-- Requirement --
Only the lines from the one containing "从Axure9.0功能、Ax" to the end of the data should be copied, exactly and without pictures.
[Dataset excerpt — start]
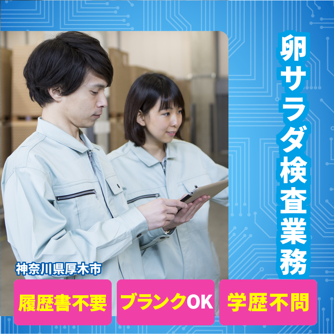給与詳細 月収例 273,000円 日給例 11,200円 勤務地 神奈川県厚木市 仕事内容 【業務内容】卵サラダやマヨネーズドレッシングの品質管理と検査
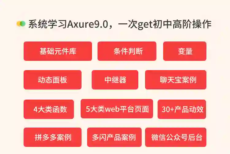 从Axure9.0功能、Axure技巧、原型思维3大方面帮助新人全面提升原型能力。
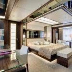 Gli ambienti della barca, tutti illuminati con plafoni e proiettori led, sono giocati sui toni chiaro-scuro dei rivestimenti e materiali; legni di ebano e rovere si combinano a pelli pregiate, elementi d’acciaio e vetro.
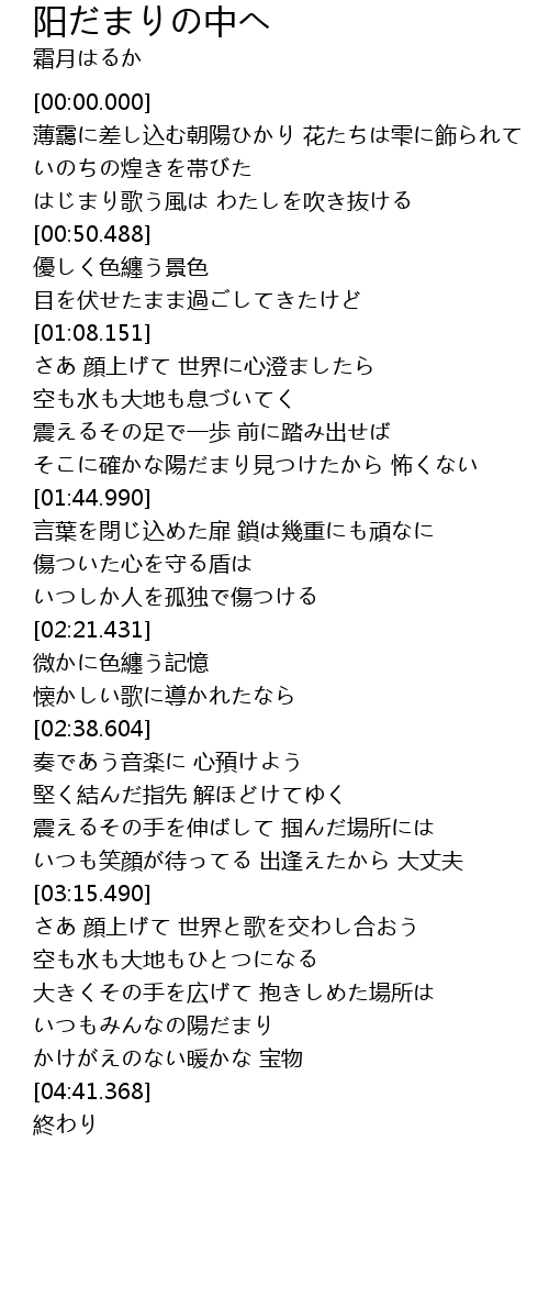 | [04:19.728] | いつもみんなの陽だまり |
[Dataset excerpt — finish]
-- Result --
 从Axure9.0功能、Axure技巧、原型思维3大方面帮助新人全面提升原型能力。
 Gli ambienti della barca, tutti illuminati con plafoni e proiettori led, sono giocati sui toni chiaro-scuro dei rivestimenti e materiali; legni di ebano e rovere si combinano a pelli pregiate, elementi d’acciaio e vetro.
 | [04:19.728] | いつもみんなの陽だまり |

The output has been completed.